Logistic regression analysis of significant perioperative factors revealed that the length of ICU stay was the only independent predictor of early recipient death (P < .001) (Table 9).

Liver transplant is a well-established therapeutic strategy for decompensated hepatic disorder. The necessity for hepatic grafts has led to expanded criteria for organ allocation and thereby increased the risk of negative consequences. Only limited data have been published regarding the use and accuracy of intraoperative factors as risk factors for short-term death after LT.⁷

The present study addressed the various intrao­perative predictive factors that are associated with early recipient death after LDLT. Herein, several different intraoperative factors are suggested to significantly affect short-term recipient mortality.
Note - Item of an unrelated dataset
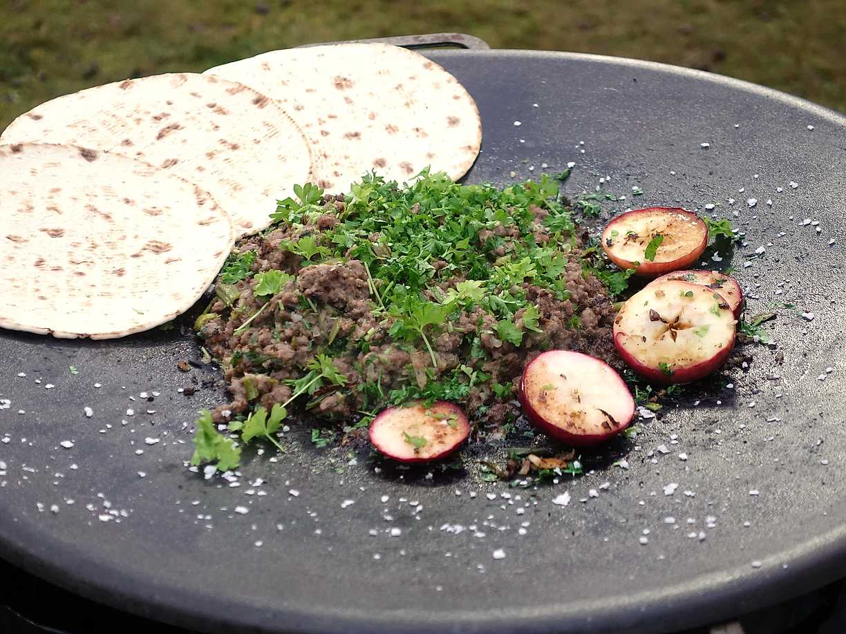 Libanesiskt bröd fyllt med köttfärs och hummus
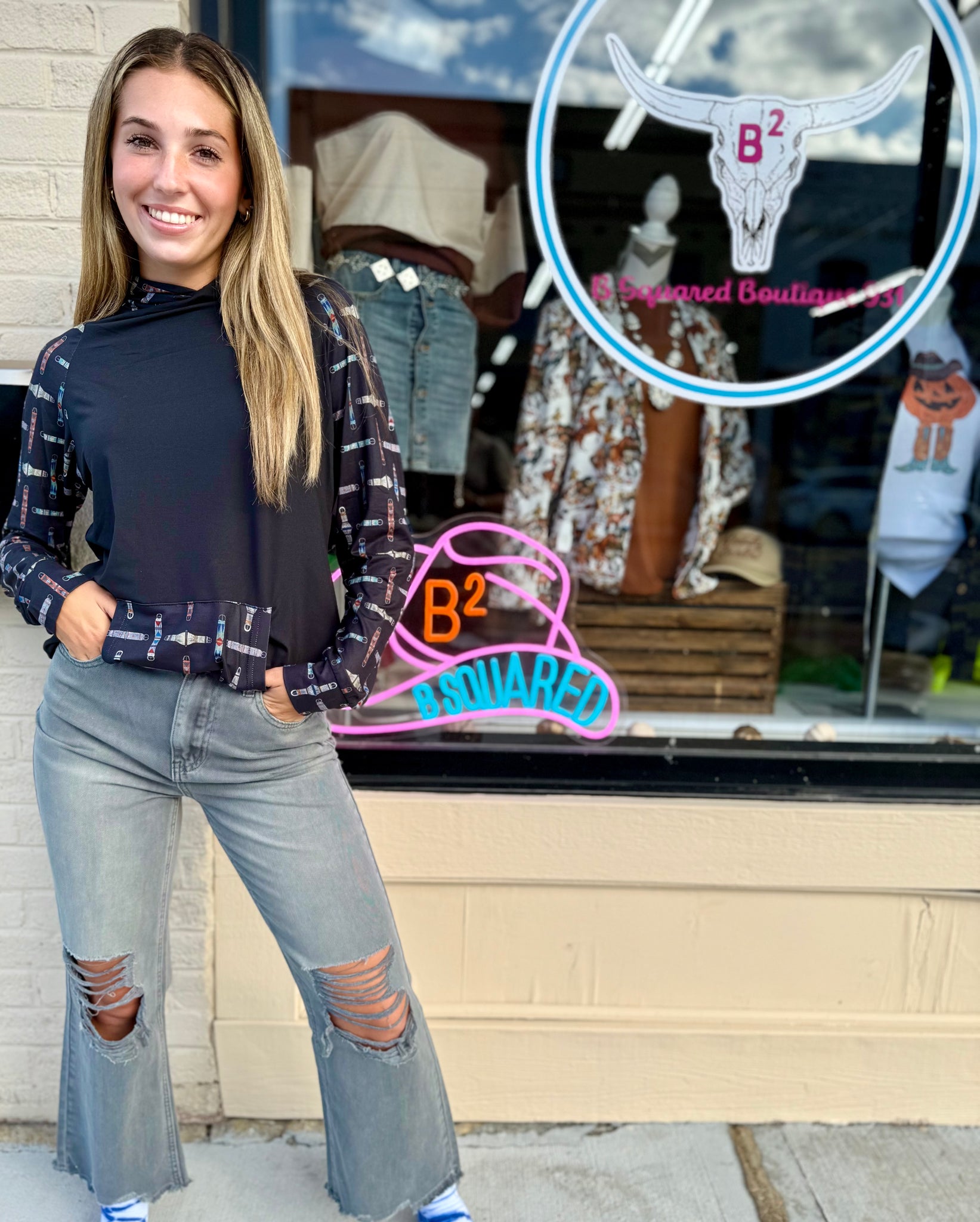 Ash Black, Washed, Distressed Knee & Hem Crop Kick Flare Denim!

Transfusion of PRBC and other blood products is a common scenario during LT procedures; however, surgery without transfusion has been more widely adopted.⁸ Enormous transfusion during LT leads to considerable morbidity and mortality, as well as the associated higher cost of treatment.⁹

In this patient cohort, higher numbers of PRBC, platelets, and units of FFP significantly affected the rate of early recipient mortality, with PRBC being the most crucial factor. These results agree with those from Bertacco and colleagues, who stated that a substantial volume of blood transfusion during LT is a critical predictive factor for short-term death.¹⁰ Also, another study ascertained the possible clinical utility of PRBC as a prognostic predictor for early mortality after LT.¹¹

Intraoperative anesthetic strategies and surgical methods may affect postoperative patient survival. Duration of the surgery, intraoperative hemodynamic instability,¹² and cold and warm ischemia times have been shown to have substantial effects on LDLT outcomes.¹³ Moreover, higher central venous pressure may preclude outflow from the liver allograft, which may result in allograft dysfunction.¹⁴

In this study, low mean blood pressure, prolonged durations of cold and warm ischemia times and anhepatic phase, higher intraoperative central venous pressure, and longer duration of surgery were shown to have significant effects on early mortality post-LDLT. A previous study similarly demonstrated that prolonged anhepatic time was a possible risk factor for early mortality.¹⁵ Another study showed that prolonged cold ischemia time was associated with higher postoperative mortality.¹⁶

In adult-to-adult LDLT, high PVP after reperfusion may cause serious problems, particularly in small-for-size grafts, which may lead to higher rates of comorbidity and early mortality.¹⁷ The present study showed that graft/recipient weight ratio and preclamp, postreperfusion, and mean portal pressures had considerable effects on early mortality. These results support the results reported by Sholkamy and colleagues, who demonstrated that PVP is a substantial hemodynamic factor for graft survival and early patient mortality after LDLT.¹⁸

In contrast, in another study that compared recipient outcomes in standard grafts versus small-for-size grafts, rates of early mortality after LDLT with right lobe small-for-size grafts were comparable with early mortality rates after LDLT with normal grafts.¹⁹

The risk of SFSS is an impediment to the wide implementation of LDLT; moreover, it is an important risk factor for unfavorable early outcomes after LDLT.²⁰ The present work showed a significant effect of SFSS on early patient mortality after LDLT. These results support the results reported by Shoreem and colleagues, who showed that SFSS led to an elevated death rate, for which the most common reason for the incidence of mortality was the syndrome itself, as well as its consequent comorbidities.²¹

The modulation of PVP by splenectomy, porto­caval shunting, and splenic arterial ligation is a fundamental method for the prevention of SFSS, and the generally acceptable limit of PVP during LDLT is between 15 and 20 mm Hg.²²

Portal venous pressure has a substantial effect on short-term prognosis after LDLT. Portal venous pressure should be maintained within a certain threshold to enhance proper graft regeneration. If PVP surpasses certain values, then it may harm the graft. Portal venous pressure should be routinely assessed in every recipient who undergoes LDLT. The amendment of PVP may be helpful factor in LDLT because it may lower the incidence of SFSS and promote better LDLT outcomes.¹⁸ In the present study, patients with high PVP underwent splenectomy, which resulted in a smooth postoperative course.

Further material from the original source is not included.